Stored items:
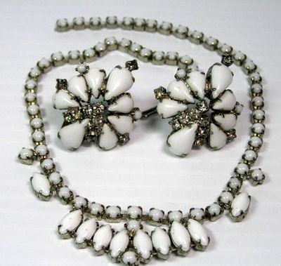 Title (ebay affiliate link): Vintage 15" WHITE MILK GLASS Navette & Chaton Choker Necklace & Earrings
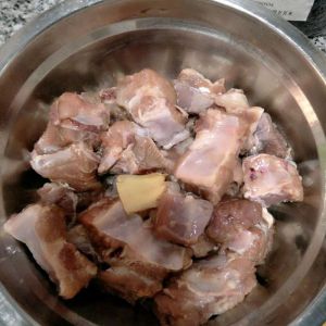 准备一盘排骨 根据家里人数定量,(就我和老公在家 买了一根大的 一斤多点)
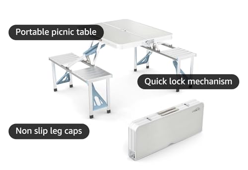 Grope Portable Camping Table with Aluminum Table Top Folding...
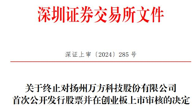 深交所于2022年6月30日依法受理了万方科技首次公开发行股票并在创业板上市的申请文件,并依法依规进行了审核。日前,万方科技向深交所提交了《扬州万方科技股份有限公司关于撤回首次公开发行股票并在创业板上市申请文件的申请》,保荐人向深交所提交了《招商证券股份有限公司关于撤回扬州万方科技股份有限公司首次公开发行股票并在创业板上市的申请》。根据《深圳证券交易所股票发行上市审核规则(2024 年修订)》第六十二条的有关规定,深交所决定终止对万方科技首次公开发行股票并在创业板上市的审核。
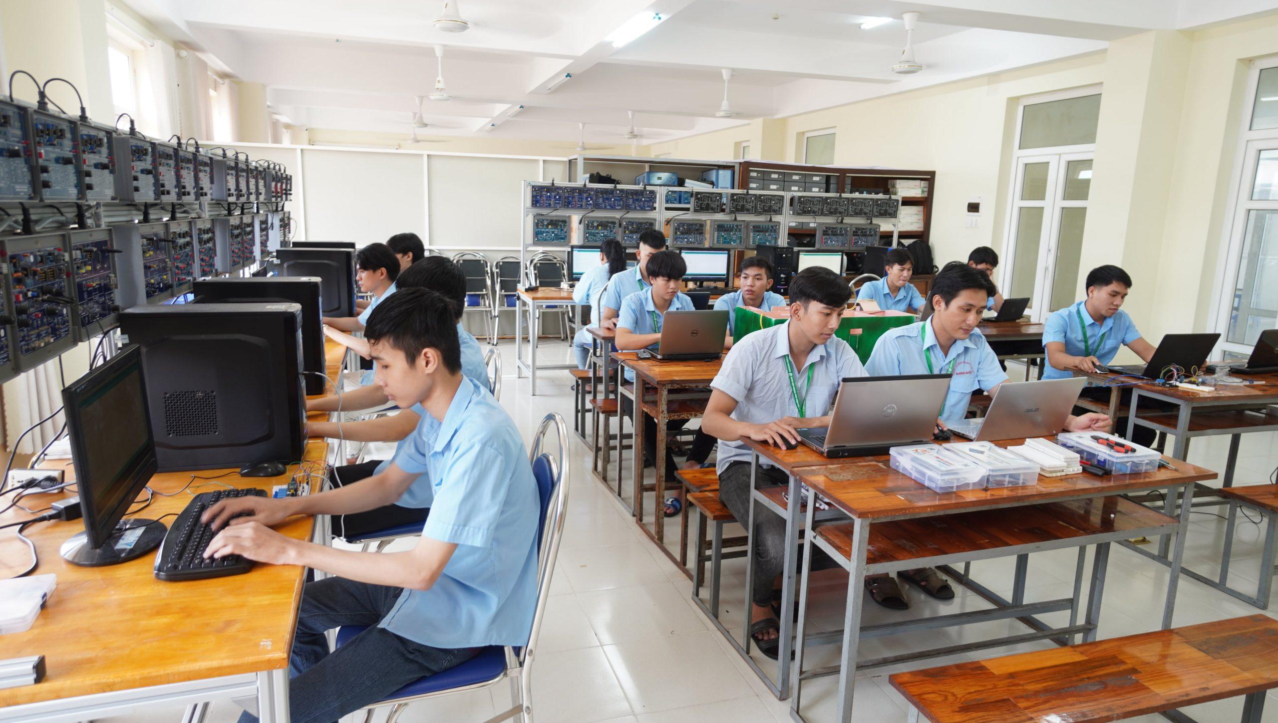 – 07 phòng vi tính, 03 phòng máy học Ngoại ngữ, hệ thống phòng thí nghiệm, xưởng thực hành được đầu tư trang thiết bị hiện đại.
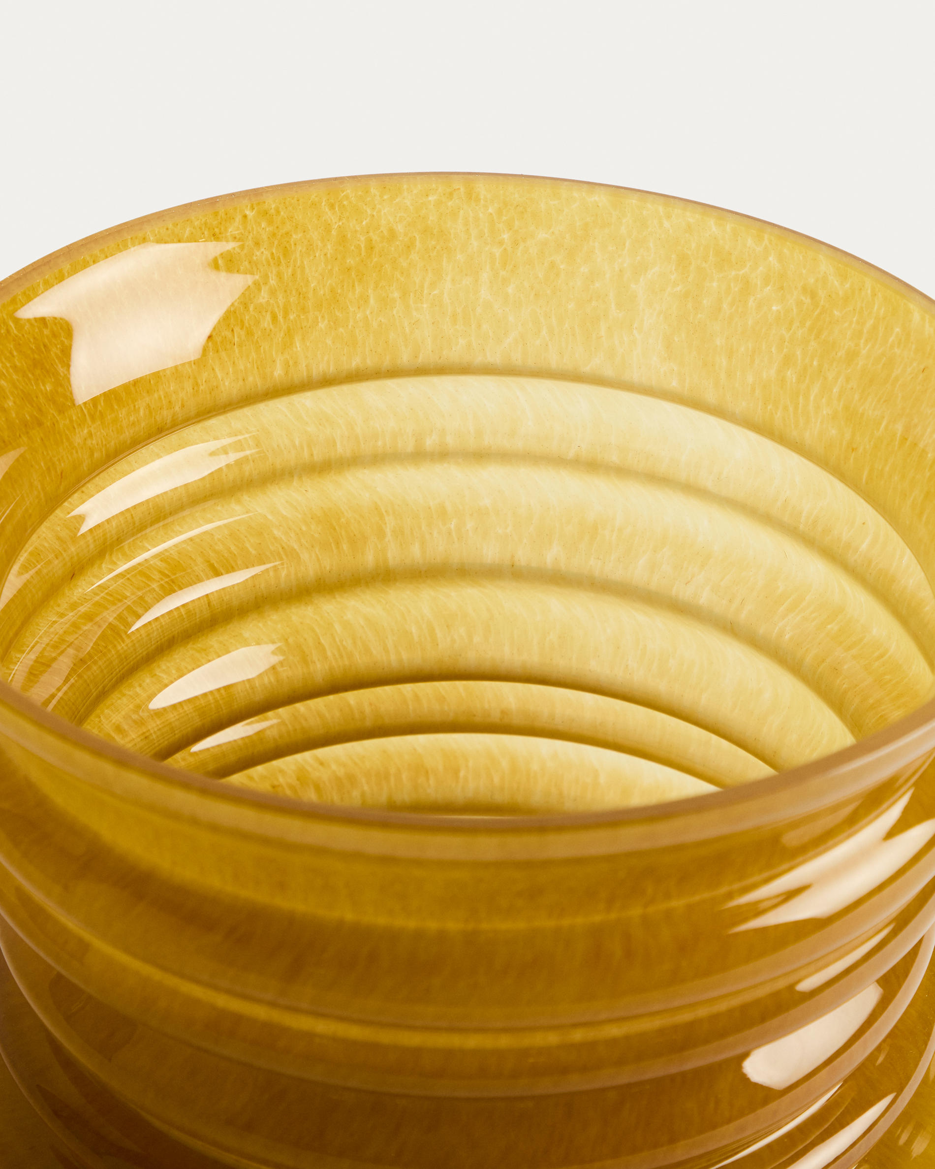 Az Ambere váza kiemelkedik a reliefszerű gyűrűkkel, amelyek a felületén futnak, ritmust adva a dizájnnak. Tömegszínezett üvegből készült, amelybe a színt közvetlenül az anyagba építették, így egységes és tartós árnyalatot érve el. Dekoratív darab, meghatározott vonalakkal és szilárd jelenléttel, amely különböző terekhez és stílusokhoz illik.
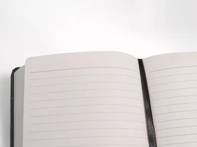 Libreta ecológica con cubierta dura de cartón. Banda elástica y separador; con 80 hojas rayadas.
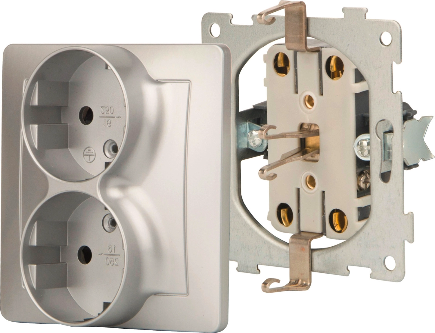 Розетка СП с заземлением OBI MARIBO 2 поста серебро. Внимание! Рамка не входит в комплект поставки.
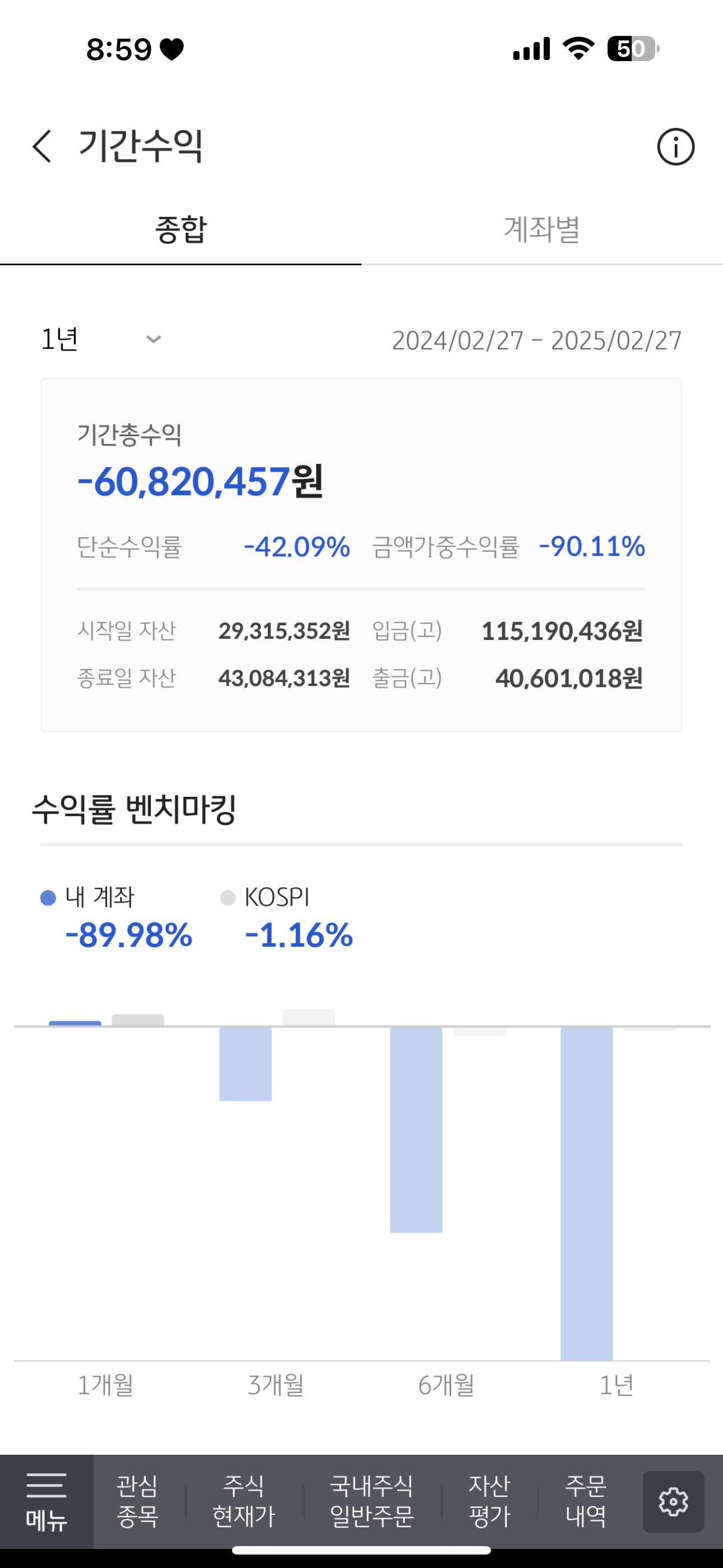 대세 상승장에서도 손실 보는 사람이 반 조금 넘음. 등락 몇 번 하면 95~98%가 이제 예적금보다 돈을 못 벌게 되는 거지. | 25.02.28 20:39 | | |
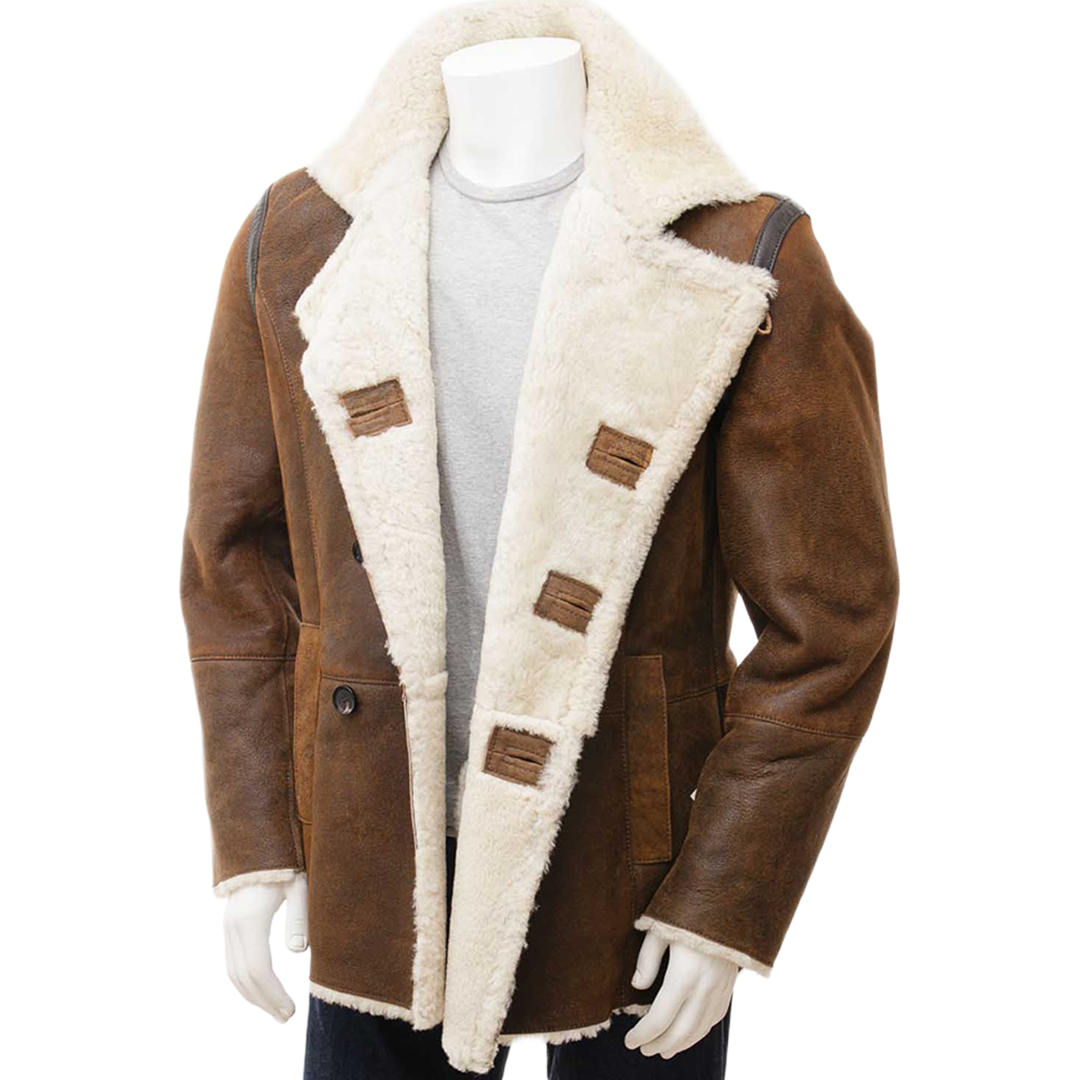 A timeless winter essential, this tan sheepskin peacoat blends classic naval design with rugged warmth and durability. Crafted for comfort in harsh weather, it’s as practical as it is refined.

• Task details
No picture is to be printed. Output exactly the lines above from the line containing "Az Ambere váza" through the line containing "Розетка СП с".

• Solution
 Az Ambere váza kiemelkedik a reliefszerű gyűrűkkel, amelyek a felületén futnak, ritmust adva a dizájnnak. Tömegszínezett üvegből készült, amelybe a színt közvetlenül az anyagba építették, így egységes és tartós árnyalatot érve el. Dekoratív darab, meghatározott vonalakkal és szilárd jelenléttel, amely különböző terekhez és stílusokhoz illik.
 Libreta ecológica con cubierta dura de cartón. Banda elástica y separador; con 80 hojas rayadas.
 Розетка СП с заземлением OBI MARIBO 2 поста серебро. Внимание! Рамка не входит в комплект поставки.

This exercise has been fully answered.